▸ The task
Reproduce the complete listing without any deviation.

▸ Data supplied
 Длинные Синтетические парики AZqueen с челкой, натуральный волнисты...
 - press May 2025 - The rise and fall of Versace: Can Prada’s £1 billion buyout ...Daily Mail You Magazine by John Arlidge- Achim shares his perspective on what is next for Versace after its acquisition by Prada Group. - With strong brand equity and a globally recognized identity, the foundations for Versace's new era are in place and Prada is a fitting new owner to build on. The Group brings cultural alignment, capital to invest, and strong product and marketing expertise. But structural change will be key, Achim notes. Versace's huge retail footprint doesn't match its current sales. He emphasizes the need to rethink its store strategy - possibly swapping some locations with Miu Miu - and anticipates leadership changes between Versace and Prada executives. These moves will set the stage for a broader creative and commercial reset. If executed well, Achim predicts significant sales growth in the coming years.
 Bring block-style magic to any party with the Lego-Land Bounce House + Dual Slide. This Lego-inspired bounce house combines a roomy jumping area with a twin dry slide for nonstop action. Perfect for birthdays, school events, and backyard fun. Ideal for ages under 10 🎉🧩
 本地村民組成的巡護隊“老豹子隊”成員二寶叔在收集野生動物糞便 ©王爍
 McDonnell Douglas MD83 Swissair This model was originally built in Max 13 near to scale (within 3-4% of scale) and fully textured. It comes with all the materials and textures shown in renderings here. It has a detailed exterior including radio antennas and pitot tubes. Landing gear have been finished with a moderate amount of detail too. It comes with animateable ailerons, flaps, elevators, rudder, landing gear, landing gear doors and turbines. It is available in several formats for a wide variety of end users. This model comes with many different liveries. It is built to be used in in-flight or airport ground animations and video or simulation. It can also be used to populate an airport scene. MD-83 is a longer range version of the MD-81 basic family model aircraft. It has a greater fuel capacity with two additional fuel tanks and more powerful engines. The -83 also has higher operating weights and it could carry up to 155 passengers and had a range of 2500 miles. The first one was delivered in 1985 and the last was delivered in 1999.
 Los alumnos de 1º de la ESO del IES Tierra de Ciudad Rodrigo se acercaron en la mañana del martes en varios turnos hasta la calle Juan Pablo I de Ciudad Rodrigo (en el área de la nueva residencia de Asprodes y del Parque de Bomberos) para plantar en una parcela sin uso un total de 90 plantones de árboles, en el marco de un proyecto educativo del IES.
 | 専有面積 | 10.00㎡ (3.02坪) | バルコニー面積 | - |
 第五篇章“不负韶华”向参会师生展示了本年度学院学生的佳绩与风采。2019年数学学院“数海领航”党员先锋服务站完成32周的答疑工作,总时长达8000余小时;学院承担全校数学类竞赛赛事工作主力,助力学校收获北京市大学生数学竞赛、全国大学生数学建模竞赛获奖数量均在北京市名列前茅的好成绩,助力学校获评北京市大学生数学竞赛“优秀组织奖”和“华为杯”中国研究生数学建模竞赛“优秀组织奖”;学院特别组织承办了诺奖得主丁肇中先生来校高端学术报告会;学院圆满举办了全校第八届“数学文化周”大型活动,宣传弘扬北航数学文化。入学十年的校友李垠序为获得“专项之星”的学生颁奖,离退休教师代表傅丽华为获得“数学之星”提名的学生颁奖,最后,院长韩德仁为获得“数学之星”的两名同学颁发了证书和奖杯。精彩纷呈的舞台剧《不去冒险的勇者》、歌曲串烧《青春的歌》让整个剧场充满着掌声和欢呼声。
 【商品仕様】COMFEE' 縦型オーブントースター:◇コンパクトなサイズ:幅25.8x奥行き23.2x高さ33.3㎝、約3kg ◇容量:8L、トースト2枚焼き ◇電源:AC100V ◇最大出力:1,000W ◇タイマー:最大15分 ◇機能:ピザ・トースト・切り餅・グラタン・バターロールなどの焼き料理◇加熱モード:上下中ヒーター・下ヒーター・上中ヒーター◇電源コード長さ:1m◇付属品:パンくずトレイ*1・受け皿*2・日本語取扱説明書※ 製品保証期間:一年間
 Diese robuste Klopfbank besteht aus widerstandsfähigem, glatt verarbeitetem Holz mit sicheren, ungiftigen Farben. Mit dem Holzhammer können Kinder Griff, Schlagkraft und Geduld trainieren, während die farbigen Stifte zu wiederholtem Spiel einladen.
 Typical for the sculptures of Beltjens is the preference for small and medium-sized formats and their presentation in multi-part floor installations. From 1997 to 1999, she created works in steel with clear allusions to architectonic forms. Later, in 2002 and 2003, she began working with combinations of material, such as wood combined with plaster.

▸ Solution to the problem
 Длинные Синтетические парики AZqueen с челкой, натуральный волнисты...
 - press May 2025 - The rise and fall of Versace: Can Prada’s £1 billion buyout ...Daily Mail You Magazine by John Arlidge- Achim shares his perspective on what is next for Versace after its acquisition by Prada Group. - With strong brand equity and a globally recognized identity, the foundations for Versace's new era are in place and Prada is a fitting new owner to build on. The Group brings cultural alignment, capital to invest, and strong product and marketing expertise. But structural change will be key, Achim notes. Versace's huge retail footprint doesn't match its current sales. He emphasizes the need to rethink its store strategy - possibly swapping some locations with Miu Miu - and anticipates leadership changes between Versace and Prada executives. These moves will set the stage for a broader creative and commercial reset. If executed well, Achim predicts significant sales growth in the coming years.
 Bring block-style magic to any party with the Lego-Land Bounce House + Dual Slide. This Lego-inspired bounce house combines a roomy jumping area with a twin dry slide for nonstop action. Perfect for birthdays, school events, and backyard fun. Ideal for ages under 10 🎉🧩
 本地村民組成的巡護隊“老豹子隊”成員二寶叔在收集野生動物糞便 ©王爍
 McDonnell Douglas MD83 Swissair This model was originally built in Max 13 near to scale (within 3-4% of scale) and fully textured. It comes with all the materials and textures shown in renderings here. It has a detailed exterior including radio antennas and pitot tubes. Landing gear have been finished with a moderate amount of detail too. It comes with animateable ailerons, flaps, elevators, rudder, landing gear, landing gear doors and turbines. It is available in several formats for a wide variety of end users. This model comes with many different liveries. It is built to be used in in-flight or airport ground animations and video or simulation. It can also be used to populate an airport scene. MD-83 is a longer range version of the MD-81 basic family model aircraft. It has a greater fuel capacity with two additional fuel tanks and more powerful engines. The -83 also has higher operating weights and it could carry up to 155 passengers and had a range of 2500 miles. The first one was delivered in 1985 and the last was delivered in 1999.
 Los alumnos de 1º de la ESO del IES Tierra de Ciudad Rodrigo se acercaron en la mañana del martes en varios turnos hasta la calle Juan Pablo I de Ciudad Rodrigo (en el área de la nueva residencia de Asprodes y del Parque de Bomberos) para plantar en una parcela sin uso un total de 90 plantones de árboles, en el marco de un proyecto educativo del IES.
 | 専有面積 | 10.00㎡ (3.02坪) | バルコニー面積 | - |
 第五篇章“不负韶华”向参会师生展示了本年度学院学生的佳绩与风采。2019年数学学院“数海领航”党员先锋服务站完成32周的答疑工作,总时长达8000余小时;学院承担全校数学类竞赛赛事工作主力,助力学校收获北京市大学生数学竞赛、全国大学生数学建模竞赛获奖数量均在北京市名列前茅的好成绩,助力学校获评北京市大学生数学竞赛“优秀组织奖”和“华为杯”中国研究生数学建模竞赛“优秀组织奖”;学院特别组织承办了诺奖得主丁肇中先生来校高端学术报告会;学院圆满举办了全校第八届“数学文化周”大型活动,宣传弘扬北航数学文化。入学十年的校友李垠序为获得“专项之星”的学生颁奖,离退休教师代表傅丽华为获得“数学之星”提名的学生颁奖,最后,院长韩德仁为获得“数学之星”的两名同学颁发了证书和奖杯。精彩纷呈的舞台剧《不去冒险的勇者》、歌曲串烧《青春的歌》让整个剧场充满着掌声和欢呼声。
 【商品仕様】COMFEE' 縦型オーブントースター:◇コンパクトなサイズ:幅25.8x奥行き23.2x高さ33.3㎝、約3kg ◇容量:8L、トースト2枚焼き ◇電源:AC100V ◇最大出力:1,000W ◇タイマー:最大15分 ◇機能:ピザ・トースト・切り餅・グラタン・バターロールなどの焼き料理◇加熱モード:上下中ヒーター・下ヒーター・上中ヒーター◇電源コード長さ:1m◇付属品:パンくずトレイ*1・受け皿*2・日本語取扱説明書※ 製品保証期間:一年間
 Diese robuste Klopfbank besteht aus widerstandsfähigem, glatt verarbeitetem Holz mit sicheren, ungiftigen Farben. Mit dem Holzhammer können Kinder Griff, Schlagkraft und Geduld trainieren, während die farbigen Stifte zu wiederholtem Spiel einladen.
 Typical for the sculptures of Beltjens is the preference for small and medium-sized formats and their presentation in multi-part floor installations. From 1997 to 1999, she created works in steel with clear allusions to architectonic forms. Later, in 2002 and 2003, she began working with combinations of material, such as wood combined with plaster.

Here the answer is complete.